▸ **Material provided**:
=====

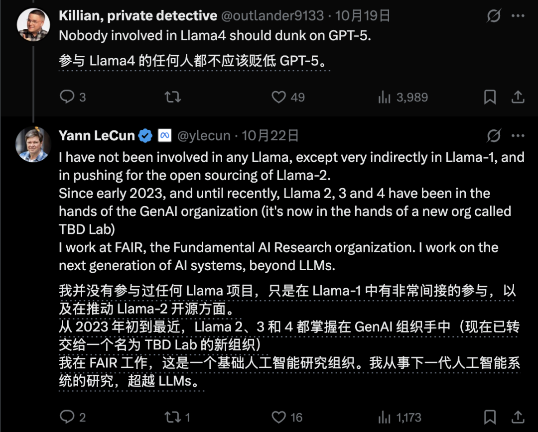 在最近与网友的互动中,LeCun还连续澄清自己和Llama项目没有过一毛钱关系。
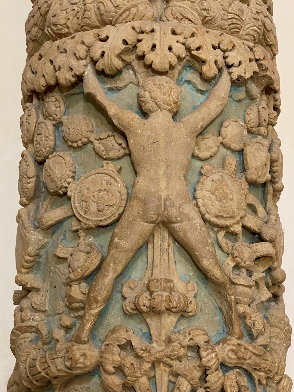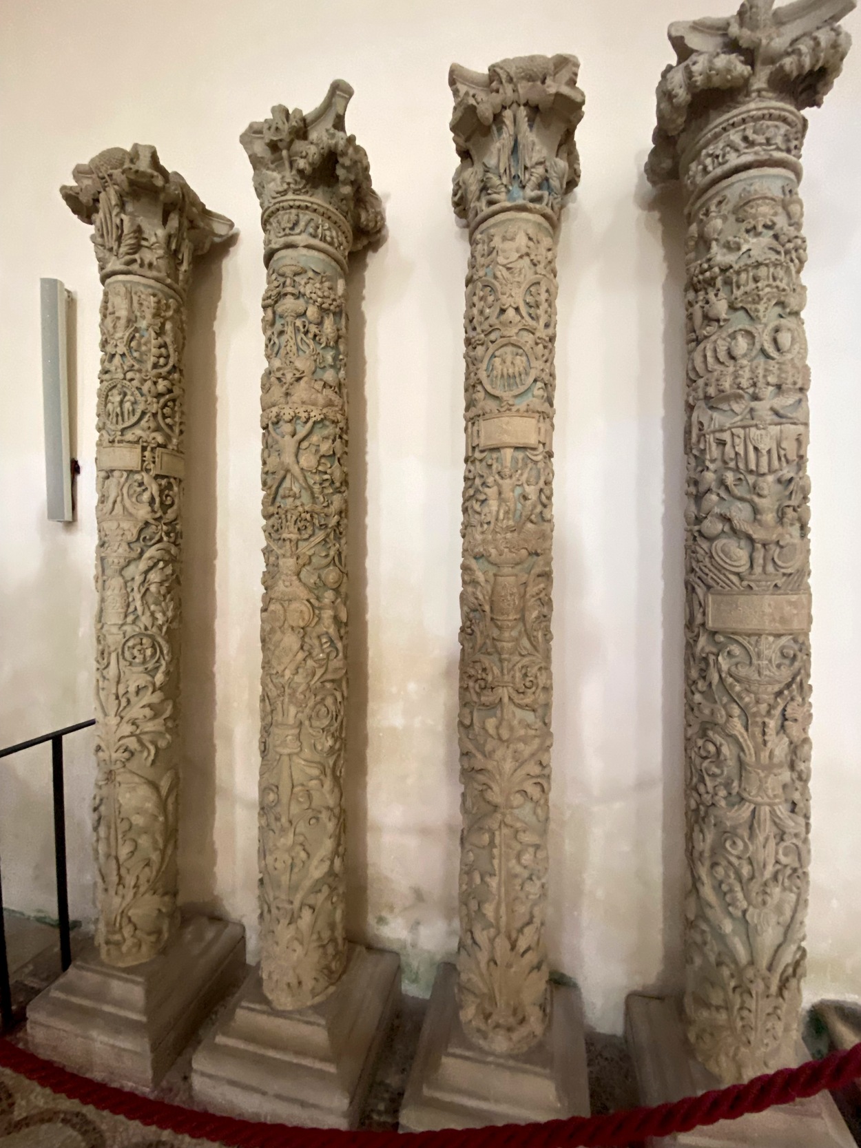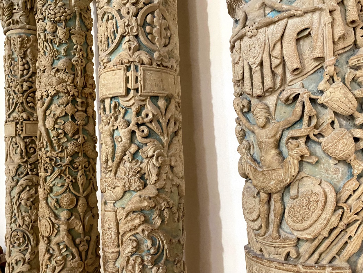 Рядом установлены четыре резные колонны XVI века — фрагменты древнего алтаря. На одной из них — надпись с именем мастера и датой: opus Gabriellis Riccardi Licini, 1524.
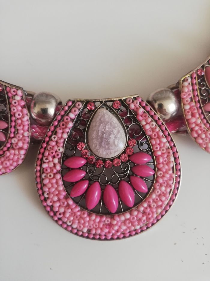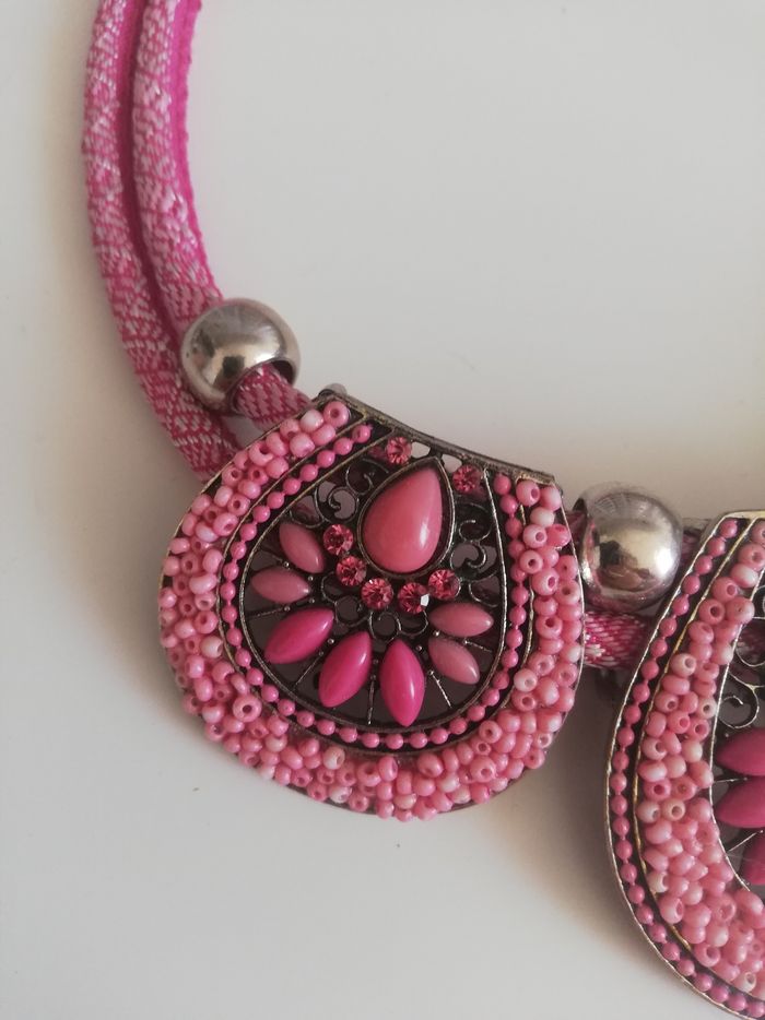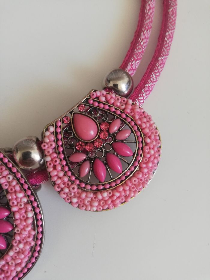 Collier rose strass et perles de rocailles - photo numéro 5
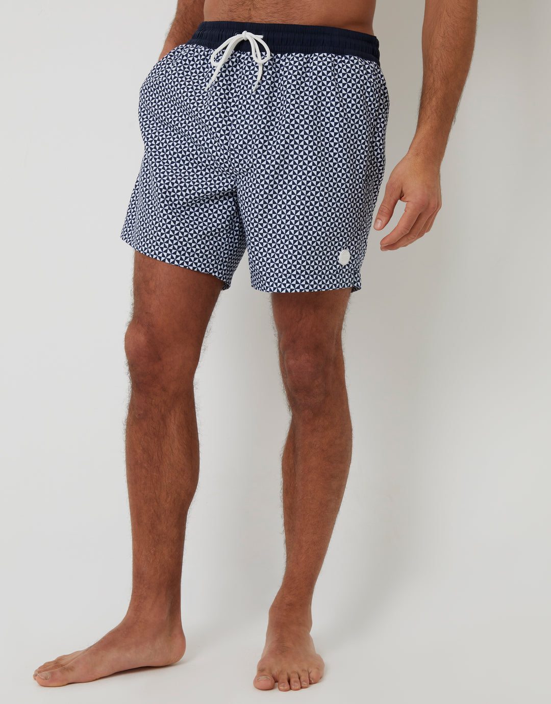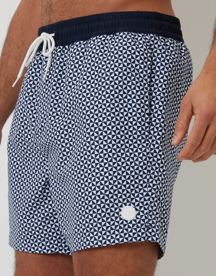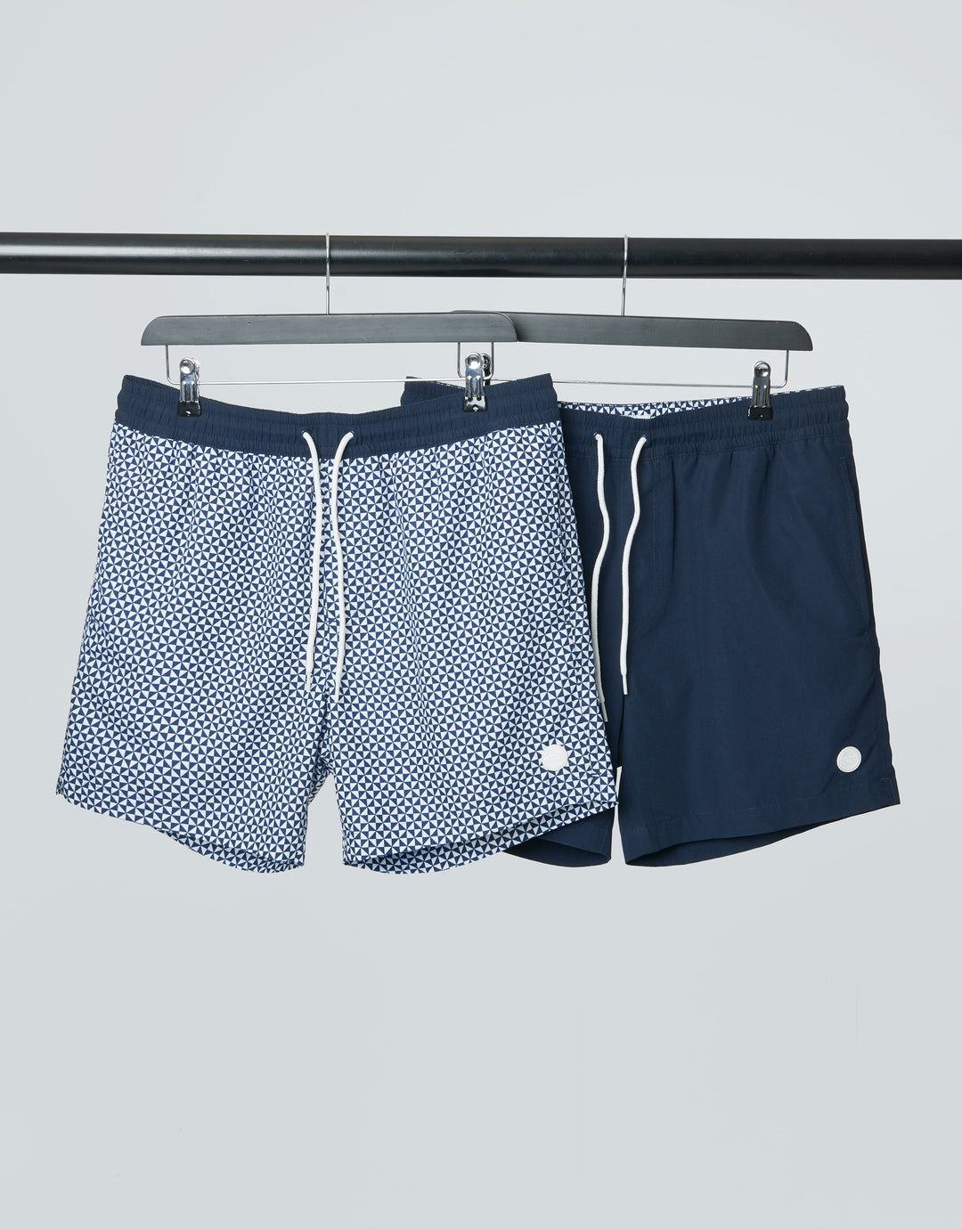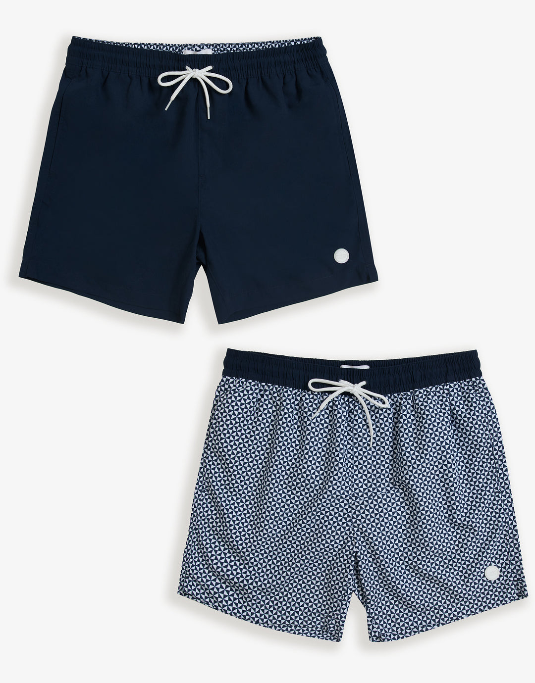 One pair in navy with geometric print lining details, and the second in all-over geometric print with navy lining details.
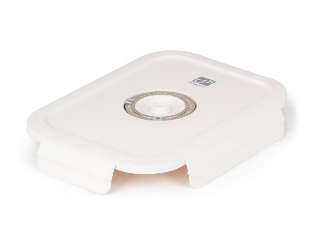 Plastové víko je vybaveno vakuovacím ventilem a praktickým nastavováním data. Budete tak vědět, kdy byly potraviny vakuovány nebo do kdy se mají spotřebovat. Ventil uprostřed víka lze jemně zmáčknout pro snadné uvolnění vakua.
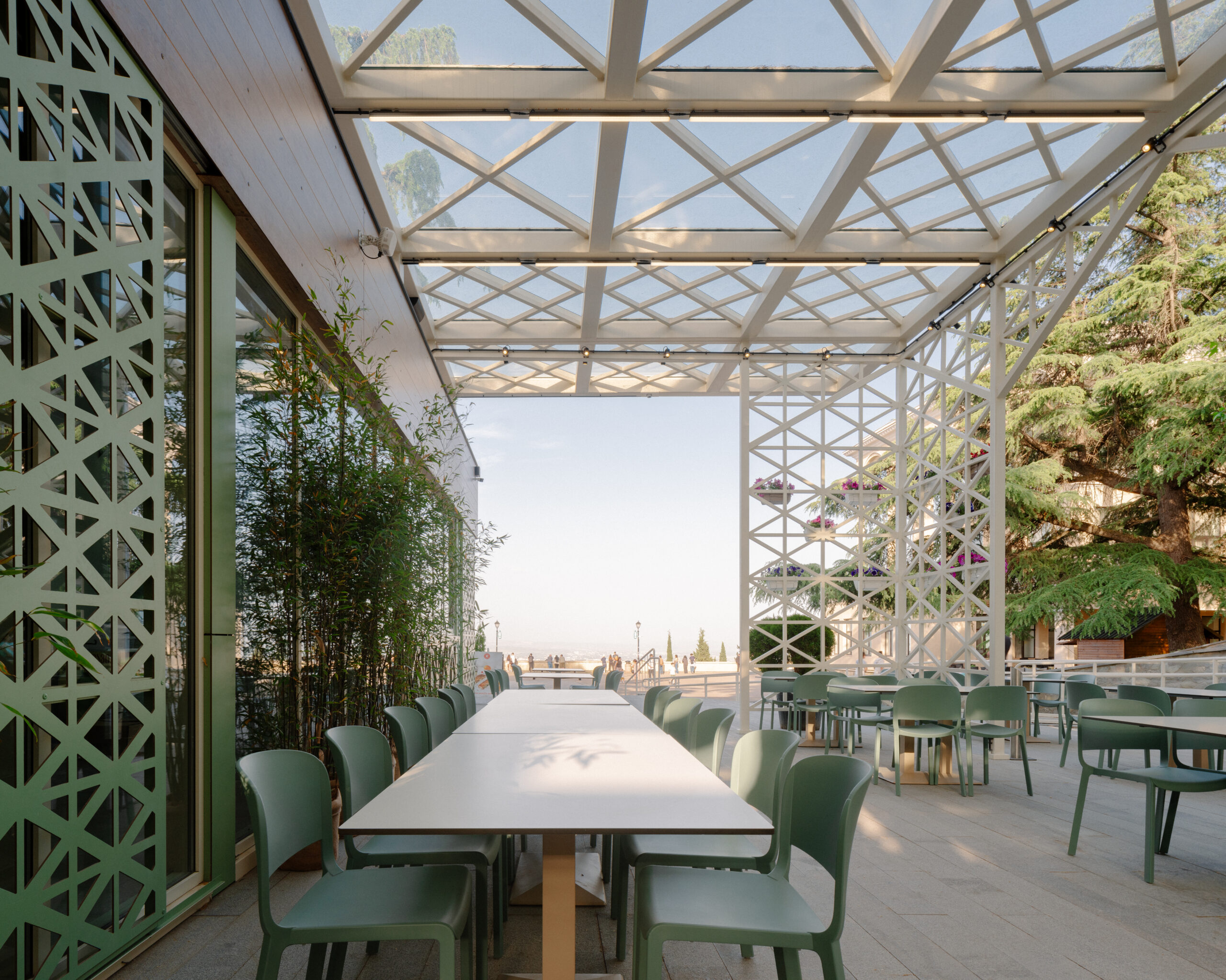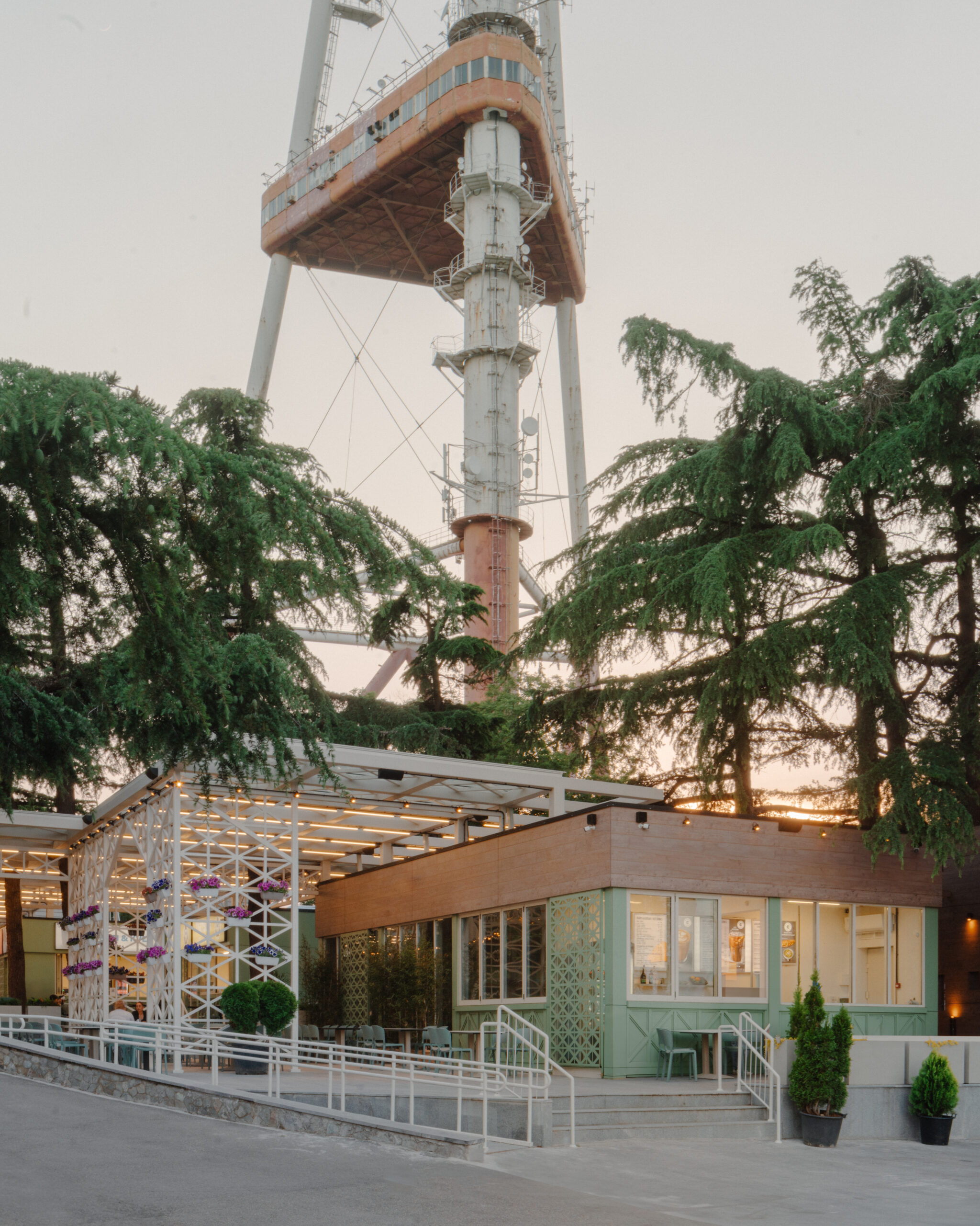 With a focus on creating an open and airy space, the design draws inspiration from historical images of Mtatsminda, while offering a modern interpretation. The building’s silhouette feels familiar from afar but surprises with contemporary details up close. Large glazing ensures an abundance of natural light, enhancing the overall transparency of the structure and maintaining a visual connection to the surrounding landscape.
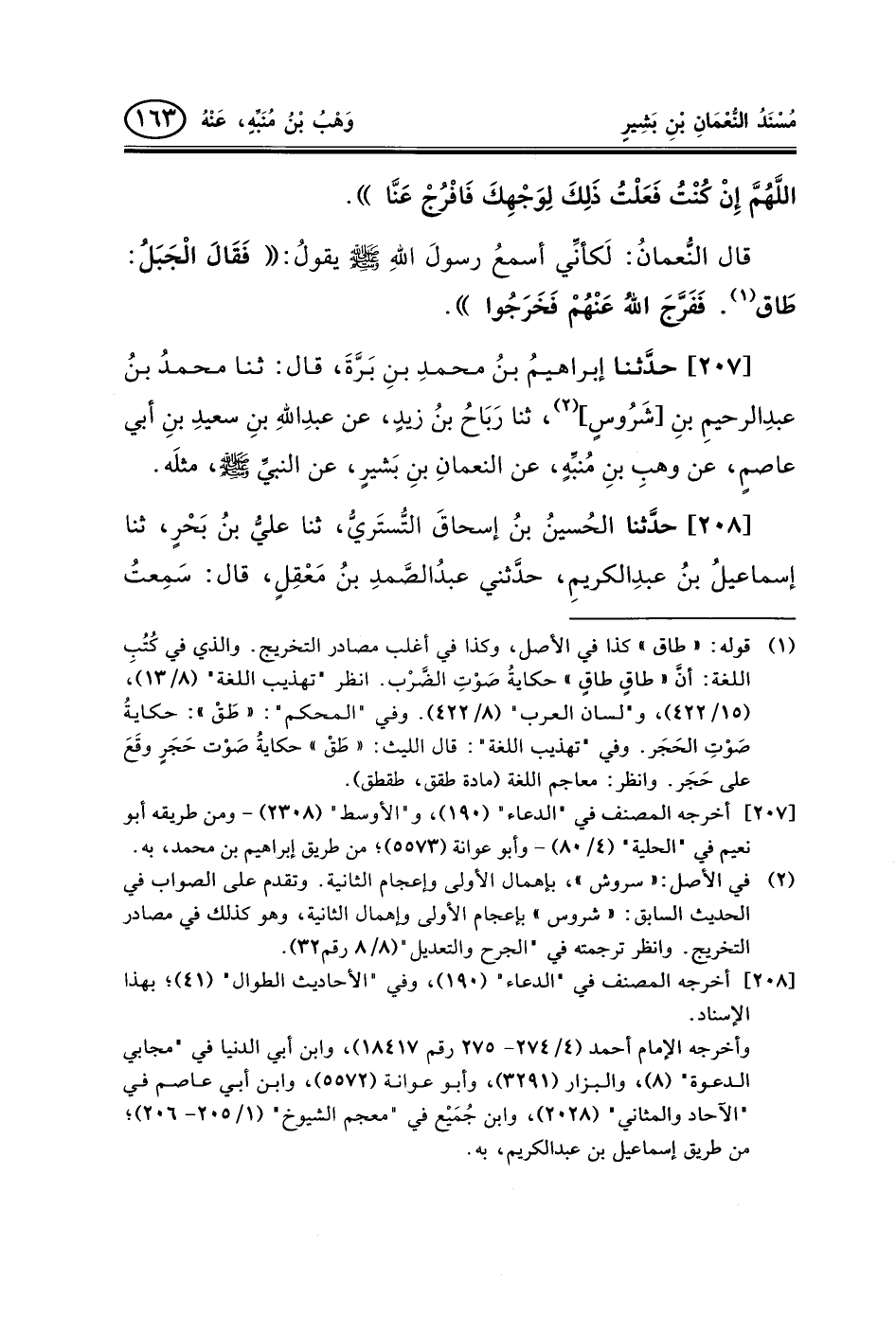 207 - حدَّثنا إبراهيمُ بنُ محمدِ بنِ بَرَّةَ، قال: ثنا محمدُ بنُ عبدِالرحيمِ بنِ [شَرُوسٍ] (¬1) ، ثنا رَبَاحُ بنُ زيدٍ، عن عبدِاللهِ بنِ سعيدِ بنِ أبي عاصمٍ، عن وهبِ بنِ مُنبِّهٍ، عن النعمانِ بنِ بَشيرٍ، عن النبيِّ صلى الله عليه وسلم، مثلَه.

=====

▸ **Exercise prompt**:
Setting the pictures aside, return exactly the lines from the line with "One pair in" through the last line of the listing above.

▸ **Your response**:
 One pair in navy with geometric print lining details, and the second in all-over geometric print with navy lining details.
 Plastové víko je vybaveno vakuovacím ventilem a praktickým nastavováním data. Budete tak vědět, kdy byly potraviny vakuovány nebo do kdy se mají spotřebovat. Ventil uprostřed víka lze jemně zmáčknout pro snadné uvolnění vakua.
 With a focus on creating an open and airy space, the design draws inspiration from historical images of Mtatsminda, while offering a modern interpretation. The building’s silhouette feels familiar from afar but surprises with contemporary details up close. Large glazing ensures an abundance of natural light, enhancing the overall transparency of the structure and maintaining a visual connection to the surrounding landscape.
 207 - حدَّثنا إبراهيمُ بنُ محمدِ بنِ بَرَّةَ، قال: ثنا محمدُ بنُ عبدِالرحيمِ بنِ [شَرُوسٍ] (¬1) ، ثنا رَبَاحُ بنُ زيدٍ، عن عبدِاللهِ بنِ سعيدِ بنِ أبي عاصمٍ، عن وهبِ بنِ مُنبِّهٍ، عن النعمانِ بنِ بَشيرٍ، عن النبيِّ صلى الله عليه وسلم، مثلَه.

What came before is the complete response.